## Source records
::::::

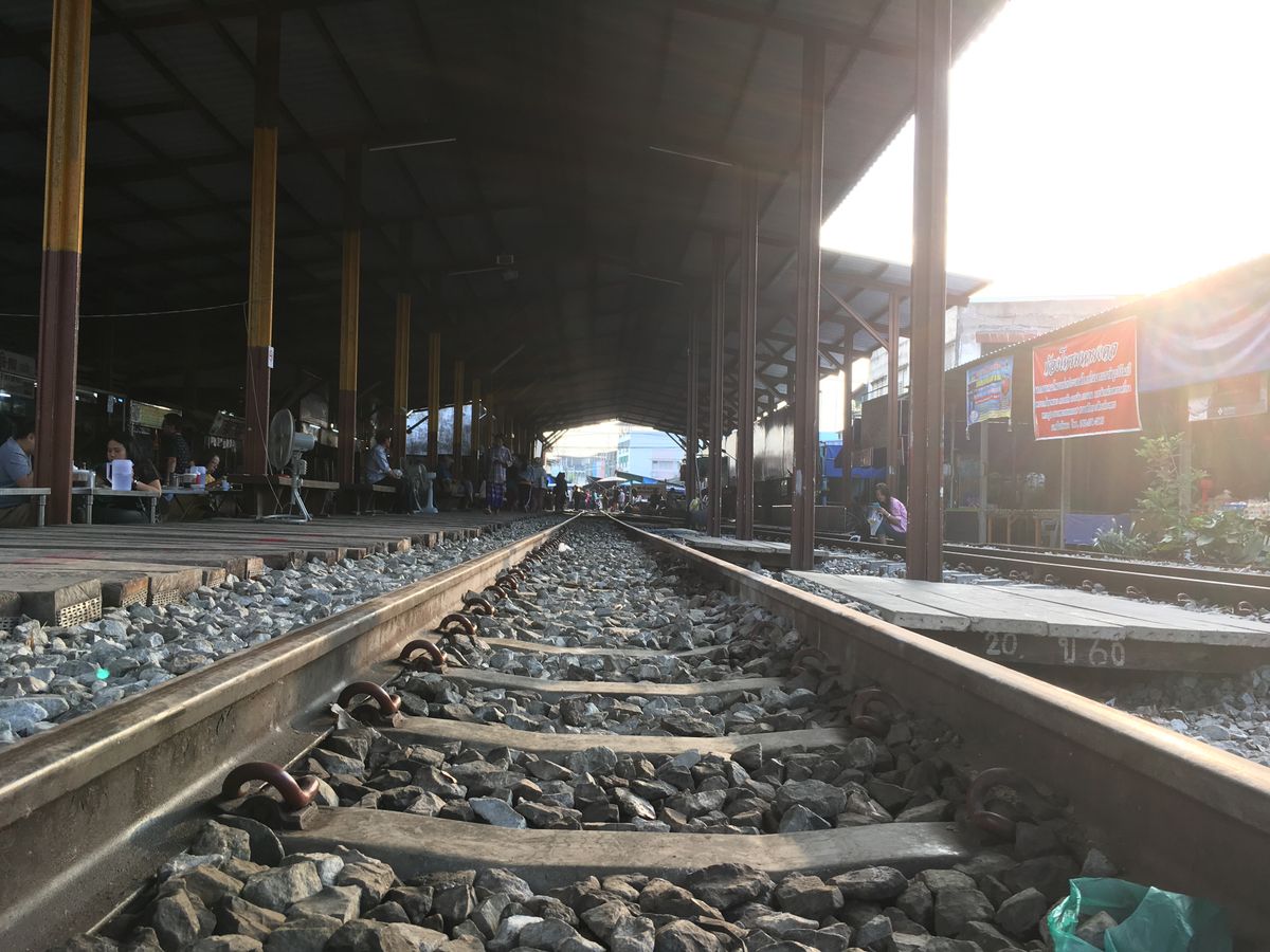 ツアーでは、まず線路市場のはじまりから線路を歩いて市場を見学し、市場が終わる終点で電車がやって来るのを待ちました。
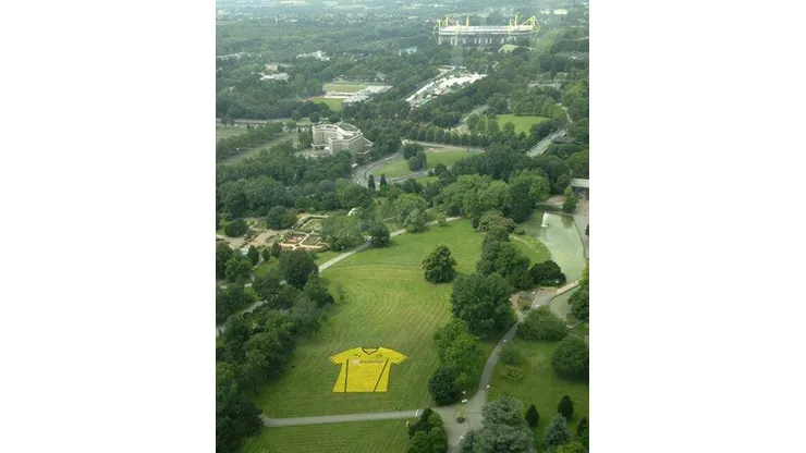 Dortmund’s new home shirt from Puma can be viewed from the above aerial shot with Dortmund’s Westfalen stadium viewable in the distance. The kit was launched with 80,645 (the average home attendance at BVB last season) yellow flowers creating an image of the kit.
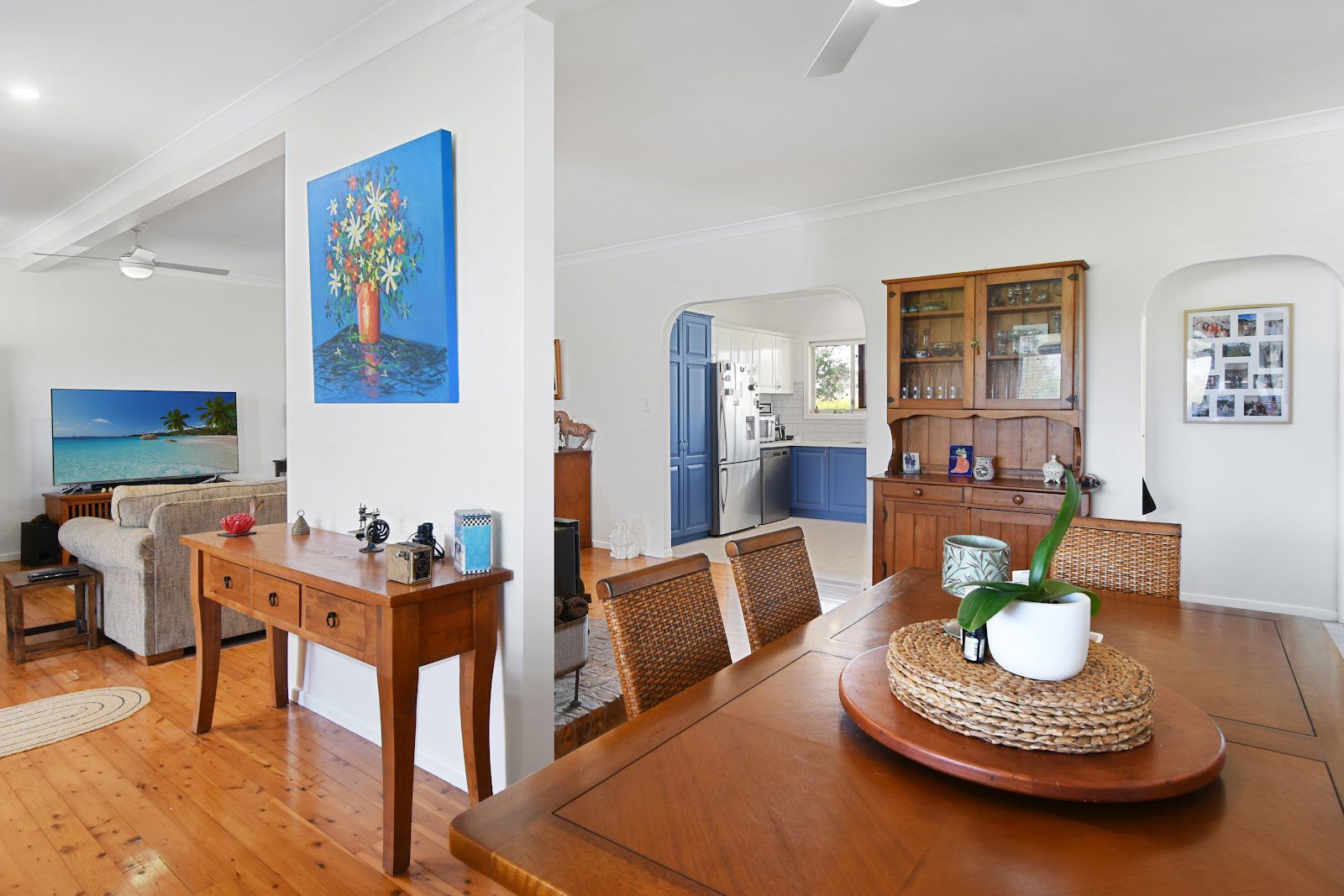 • Open plan living and dining with beautiful polished timber floors. Screen doors front and back along with flyscreens on the windows.
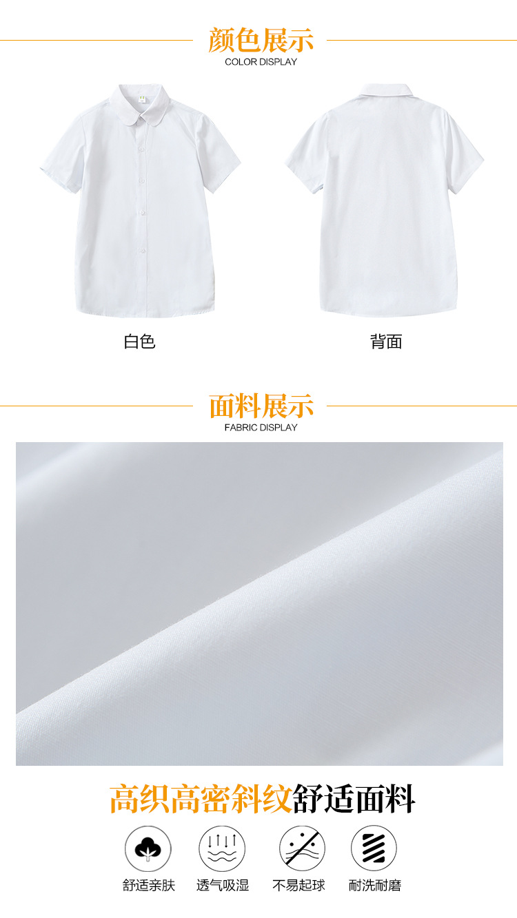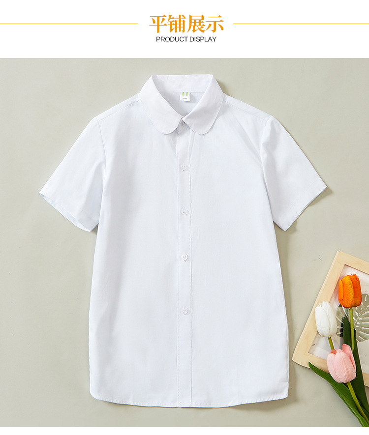 여아 흰 셔츠 여아 여름 순면 반팔 탑 어린이 파랑 교복 초등학생 공연복 셔츠
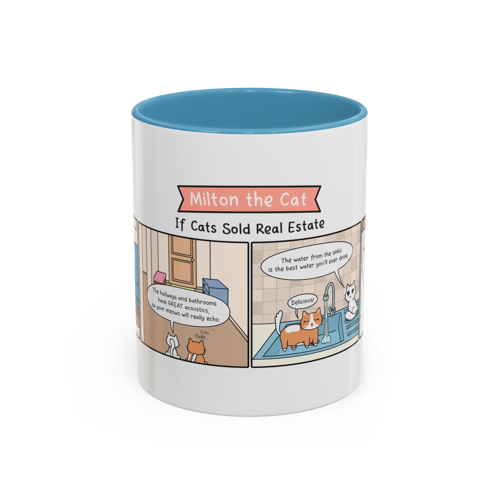 However, the true highlight of this mug is the enchanting comic strip featuring Millie, the cherished marshmallow fluff sidekick from the Milton the Cat webcomic. Millie purr-fectly illustrates what it's like to be a cat who knows it's all about location, location, location--especially when it comes to hairballs.
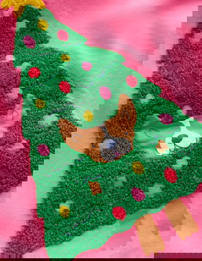 Long Sleeve Bouclé T-shirt-Pink Christmas Tree Dog

::::::

## To do
In the copy, omit the pictures and give every line of the data exactly.

## Expected output
 ツアーでは、まず線路市場のはじまりから線路を歩いて市場を見学し、市場が終わる終点で電車がやって来るのを待ちました。
 Dortmund’s new home shirt from Puma can be viewed from the above aerial shot with Dortmund’s Westfalen stadium viewable in the distance. The kit was launched with 80,645 (the average home attendance at BVB last season) yellow flowers creating an image of the kit.
 • Open plan living and dining with beautiful polished timber floors. Screen doors front and back along with flyscreens on the windows.
 여아 흰 셔츠 여아 여름 순면 반팔 탑 어린이 파랑 교복 초등학생 공연복 셔츠
 However, the true highlight of this mug is the enchanting comic strip featuring Millie, the cherished marshmallow fluff sidekick from the Milton the Cat webcomic. Millie purr-fectly illustrates what it's like to be a cat who knows it's all about location, location, location--especially when it comes to hairballs.
 Long Sleeve Bouclé T-shirt-Pink Christmas Tree Dog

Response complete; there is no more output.